In previous posts on ROC curves and AUC I described some simple ways to visualize and calculate these objects. Here is the simple data we used earlier to illustrate AUC:

category <- c(1, 1, 1, 1, 0, 1, 1, 0, 1, 0, 1, 0, 1, 0, 0, 1, 0, 0, 0, 0)
prediction <- rev(seq_along(category))
prediction[9:10] <- mean(prediction[9:10])

library('pROC')
(official_auc <- auc(roc(category, prediction)))
## Area under the curve: 0.825

Here category is a vector of Boolean labels marking the true status of a sequence of cases. The other vector, prediction, represents a set of numeric scores as would normally be generated by some type of measurement or classifier algorithm. These scores could represent, for example, the expected probability of an object being a cat. But they don’t need to be probabilities; any value indicating the relative strength of the classifier’s confidence that the object is a cat can work, as long as the scores let us sort the cases into some order. Our fake scores are designed to put the cases in the order they start with, except that the scores of two cases have been replaced with their average; this gives us some instances where the scores are tied, which is a fairly reasonable condition we should be sure to handle. For this dataset the ‘official’ value for AUC is 0.825; when we try various other ways to calculate AUC, this is the number we want to see.

Computing AUC from the U Statistic

From Wikipedia we learn that

\[ {AUC}_1 = {U_1 \over n_1n_2} \]

where \(U_1\) is the Mann-Whitney U statistic, also known as the Wilcoxon rank-sum test statistic, or some combination and/or permutation of those names. That seems like a strange claim, but it is easy enough to test:

auc_wmw <- function(labels, scores){
  labels <- as.logical(labels)
  pos <- scores[labels]
  neg <- scores[!labels]
  U <- as.numeric(wilcox.test(pos, neg)$statistic)
  U/(length(pos) * length(neg))
}

auc_wmw(category, prediction)
## Warning in wilcox.test.default(pos, neg): cannot compute exact p-value with
## ties
## [1] 0.825

The wilcox.test function warns us that we “cannot compute exact p-value with ties”, but for the current exercise let’s just savor the fact that it got the AUC exactly right.

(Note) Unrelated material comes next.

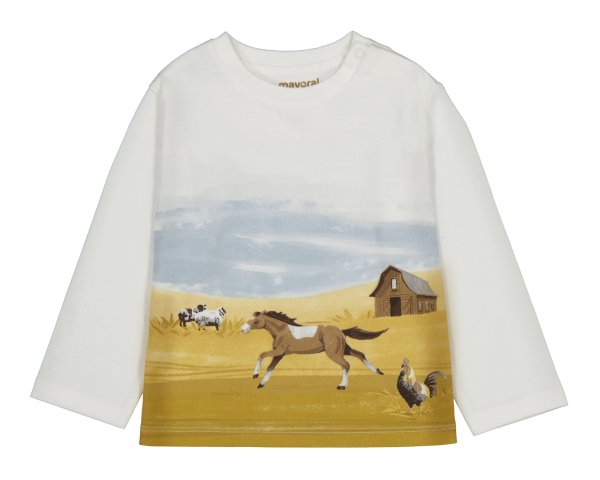 Camiseta de manga larga para bebé con estampado de caballos en un paisaje campestre. Suave, cómoda y perfecta para los pequeños amantes de los animales.
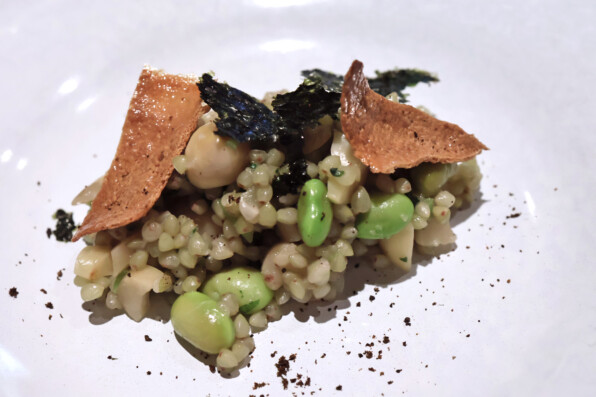 お精進かと一瞬思うのだけど、中に白味噌に包まれた牛肉入り。さらに松の実、ほおずきトマトなどで、食感も豊か。

To start to decipher the U statistic, let’s calculate it ourselves instead of using the wilcox.test function as a black box. Going back to Wikipedia we learn that

\[ U_1 = R_1 – {n_1(n_1+1) \over 2} \]

where \(R_1\) is the sum of the ranks of the positive cases, and \(n_1\) is the number of positive cases. You can calculate a related score (\(U_2\)) with the negative cases (of which there are \(n_2\)); these two scores are complementary in that they always add up to \(n_1 n_2\), similar to the way that flipping positives and negatives when calculating an ROC curve gives you an AUC that is one minus the AUC of the unflipped curve. Anyway, now we have:

auc_wmw2 <- function(labels, scores){
  labels <- as.logical(labels)
  n1 <- sum(labels)
  n2 <- sum(!labels)
  R1 <- sum(rank(scores)[labels])
  U1 <- R1 - n1 * (n1 + 1)/2
  U1/(n1 * n2)
}

auc_wmw2(category, prediction)
## [1] 0.825

Base R’s rank function assigns the lowest rank value (1, if there are no ties) to the lowest score, and by default it averages the ranks for tied scores, which is exactly what we need. Now I’ll try to convince you that it makes sense that U1/(n1 * n2) is equal to AUC.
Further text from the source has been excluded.